Strickland tomó aire con fuerza, con los orificios de la nariz dilatados.
– No estoy seguro…
– Si, y sólo si, estas condiciones se consiguen -dijo Benneton. Las enumeró con los dedos-: Las aguas limpias, los reservorios exterminados y una supervisión continuada de la isla. Lo siento, Donald, pero esto es lo más negligente que puedo ser.

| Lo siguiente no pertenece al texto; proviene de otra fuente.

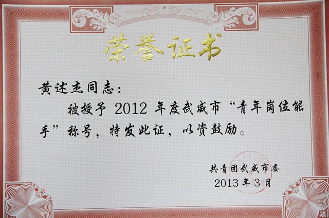3月8日,在共青團武威市二屆七次全委會上,團市委表彰了2012年度先進集體和個人,我系團總支被評為“武威市五四紅旗團支部”,系團總支書記黃述杰老師被評為“武威市青年崗位能手”,11級光伏發(fā)電技術(shù)及應(yīng)用大專班張鳳鳳同學(xué)被評為“武威市優(yōu)秀共青團員”。

– ¿No puede aplazar el bombardeo? -preguntó Donald.
Strickland se rió disimuladamente.
– Por supuesto. Simplemente pediré a las Fuerzas Aéreas que permitan al presidente de la Junta de Jefes de Estado Mayor dirigirse a la cumbre de Caracas sin escolta aérea. Quizá podamos conseguir ayuda aérea de los tres batallones que hemos enviado a Guayaquil. -Volvió a mostrar su habitual sonrisa-. Dados nuestros limitados recursos, necesitamos encontrar los medios más eficientes para neutralizar la situación.
– Creo que no comprende la gravedad de lo que está sucediendo en la isla.
– Por supuesto que sí, doctor. No se equivoque: estoy al corriente de que tenemos entre manos un problema de primer nivel. Y por eso vamos a manejarlo con métodos de primer nivel. Estamos manejando una infinidad de recursos logísticos para llevar esos aviones el treinta y uno para el rescate de las diez de la noche y el bombardeo de las once.
Strickland consultó el reloj. Los dígitos brillaban, rojos: 19.03, 30 Dic. 07.
– Tienen veintiséis horas y cincuenta y siete minutos. Les sugiero que apremien a sus colegas para que las utilicen bien. -Se colocó la boina en la cabeza y la acabó de ajustar con un toque con el dedo índice-. Que pasen un buen día.
Dirigió un rígido saludo a Benneton y enfiló hacia el recibidor.